Opinion
No. CIV S-11-1114-JAM-CMK-P
10-17-2011
DENNIS WAYNE MIZE, Petitioner, v. M. CATE, et al., Respondents.
ORDER
Petitioner, a state prisoner proceeding pro se, brings this petition for a writ of habeas corpus pursuant to 28 U.S.C. § 2254. Pending before the court is petitioner's request for the appointment of counsel and to conduct discovery (Doc. 6).
There currently exists no absolute right to appointment of counsel in habeas proceedings. See Nevius v. Sumner, 105 F.3d 453, 460 (9th Cir. 1996). However, 18 U.S.C. § 3006A authorizes the appointment of counsel at any stage of the case "if the interests of justice so require." See Rule 8(c), Fed. R. Governing § 2254 Cases. In the present case, the court does not find that the interests of justice would be served by the appointment of counsel at the present time. Petitioner's request will therefore be denied.
Rule 6 of the Rules Governing § 2254 provides that the court may, for good cause, allow discovery and may limit the extent of discovery allowed. See Rule 6(a). A party requesting discovery is required to provide reasons for the request, as well as to include with the request any proposed interrogatories, requests for admission, and specification of any requested documents. See Rule 6(b). Unlike civil litigants, a habeas petitioner is not presumptively entitled to discovery. See Rich v. Calderon, 187 F.3d 1064, 1068 (9th Cir. 1999). "Habeas is an important safeguard whose goal is to correct real and obvious wrongs. It was never meant to be a fishing expedition for habeas petitioners to 'explore their case in search of its existence.'" Id. at 1067 (quoting Calderon v. U.S.D.C. (Nicholaus), 98 F.3d 1102, 1106 (9th Cir. 1996)). "A habeas petitioner does not enjoy the presumptive entitlement to discovery of a traditional civil litigant." Id. at 1068 (citing Bracy v. Gramley, 520 U.S. 899, 903-05 (1997)). "The availability of any discovery during a habeas proceeding is committed to the sound discretion of the district court." Campbell v. Blodgett, 982 F.2d 1356, 1358 (9th Cir. 1993)." Good cause may be shown "'where specific allegations before the court show reason to believe that the petitioner may, if the facts are fully developed, be able to demonstrate that he is . . . entitled to relief.'" Bracy, 520 U.S. at 908-09 (quoting Harris v. Nelson, 394 U.S. 286, 300 (1969)).

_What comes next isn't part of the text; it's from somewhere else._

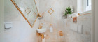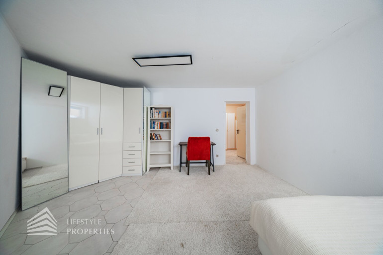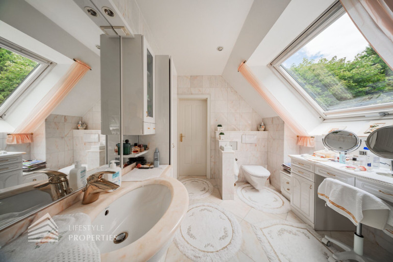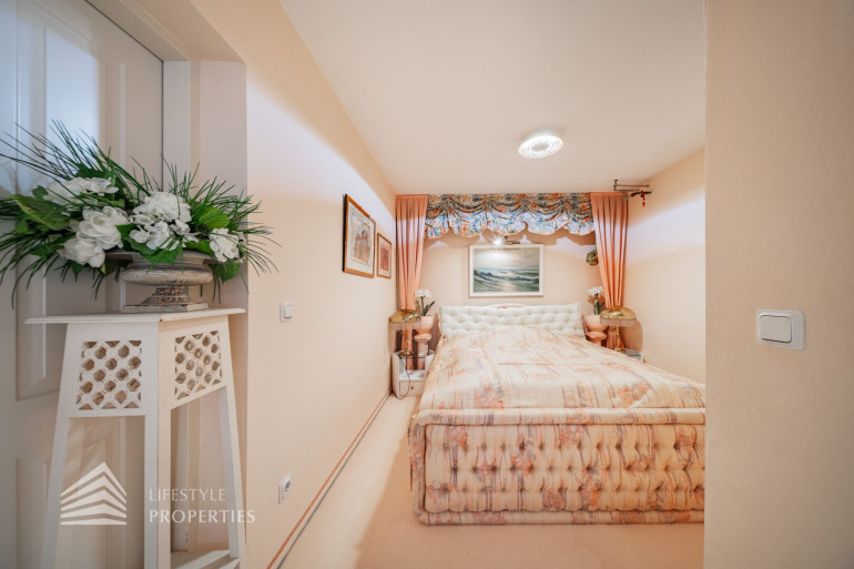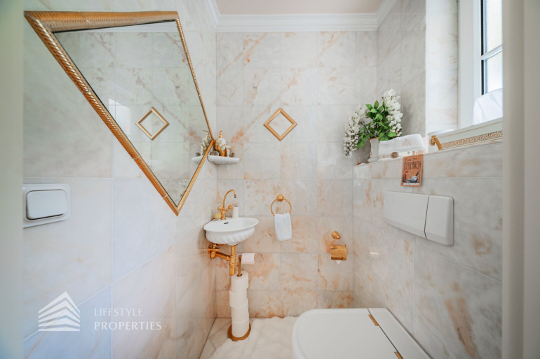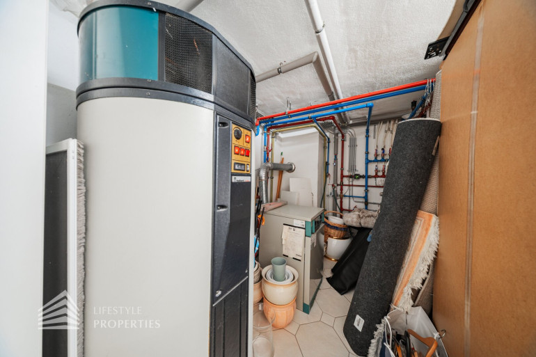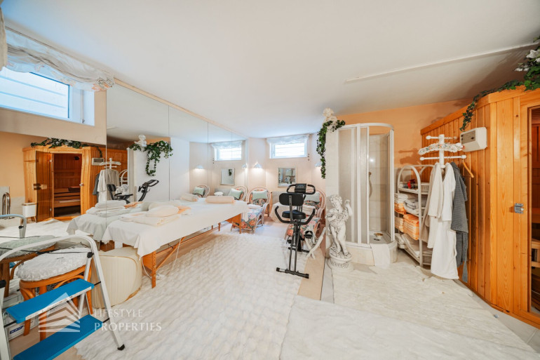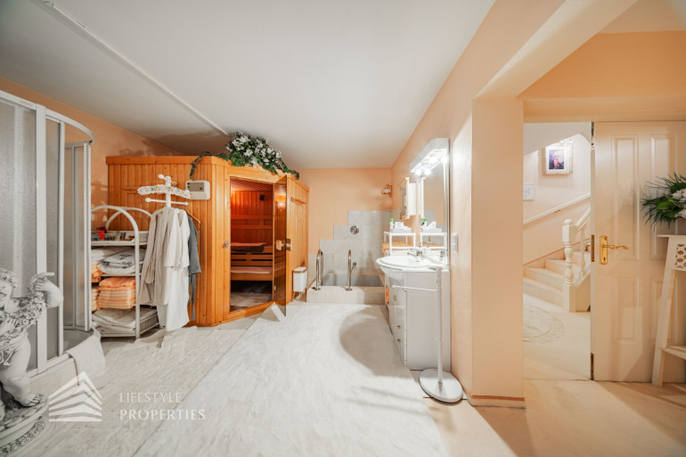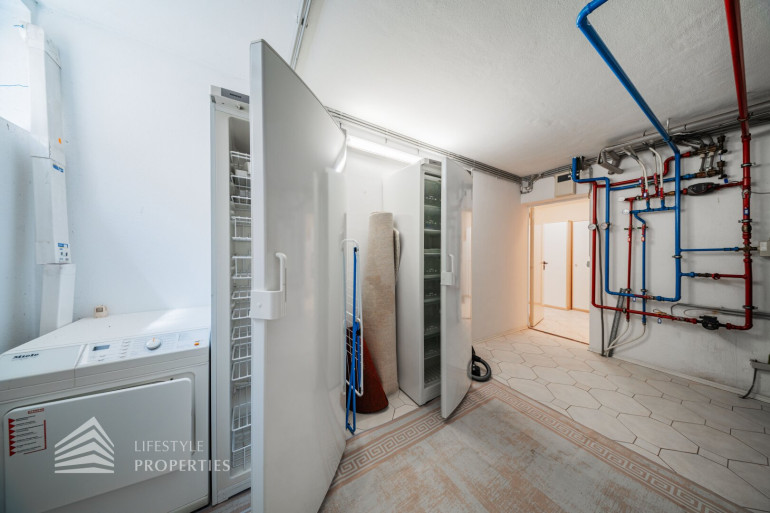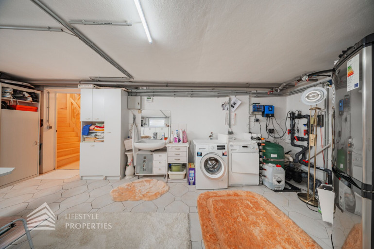 Des Weiteren verfügt die Villa über einen Wohnkeller, wo sich das Gästezimmer und der Wellnessbereich befindet. Ausgestattet mit einer finnischen Sauna und ein Kältebecken, einer Dusche, einen Waschbecken und einer separaten Toilette. Nebenan erreicht man den Wirtschaftsraum und Technikraum.

While petitioner provides reasons for his request, he fails to provide the proposed discovery he intends to propound. In addition, his request is premature. Respondent has yet to respond to the petition, and the court is hesitant to address a request for discovery until after an answer is on file. His request will therefore be denied at this time, but without prejudice to renewing his request, if appropriate, after an answer to his petition is filed.
Accordingly, IT IS HEREBY ORDERED that:
1. Petitioner's motion for appointment of counsel is denied; and
2. Petitioner's motion to conduct discovery is denied without prejudice.